There are several ways to do so.  Some of my clients have set up businesses to take over foreclosed homes.  (Yes, I know that was really easy during the Great Recession, as so many homes were taken over by the banks.   The changes in the tax laws are going to force a slew more bankruptcies-  some in high tax states, others because of the mortgage deduction limits, others still because of the change in income taxes due.)   Some folks manage to acquire homes because of the crazy quilt of tax liens that some jurisdictions employ.

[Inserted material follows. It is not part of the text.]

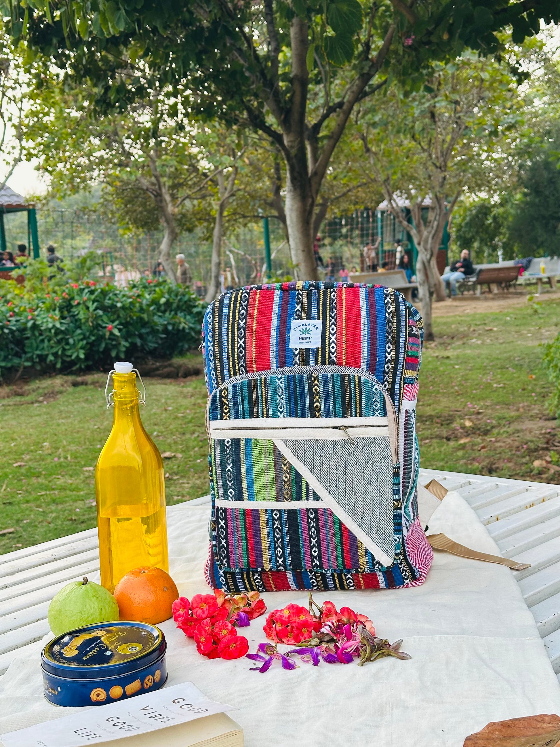 Eco-friendly backpack handcrafted from natural Himalayan hemp, featuring vibrant ethnic weaving and a functional front pocket. Durable, lightweight, and ideal for daily use, travel, or college with a sustainable boho appeal.

The problem with this business strategy is that many of the homes that become available via foreclosure or tax liens are in bad shape.  So, besides needing the money acquire the property, we need additional cash to render them habitable- or rentable.  The cash needs are true, even if one plans to flip the properties.  But, it’s clearly a bigger issue when we are looking for long-term appreciation and enjoying the rent cash-flows.

Form 8825, Rental Real Estate

If we are strictly seeking the cash-flow aspect of rental real estate businesses,  then we need to seek out better quality  properties.  Hopefully, ones that are ready to rent almost as soon as we buy them, providing that desired cash flow.

But, what happens if we live in New York City, Los Angeles, or even DC?   The properties that one can buy in these areas have price-tags that may be so steep, the only cash flow we can get from renting them is negative.  (That means it costs more of our cash to lease them out than we obtain in rent.)

So, that means- if we really plan to start this business- we should consider looking for properties elsewhere.  Where the prices are lower and the rents are reasonable.  Which means we can profit from the cash flows we develop from these properties.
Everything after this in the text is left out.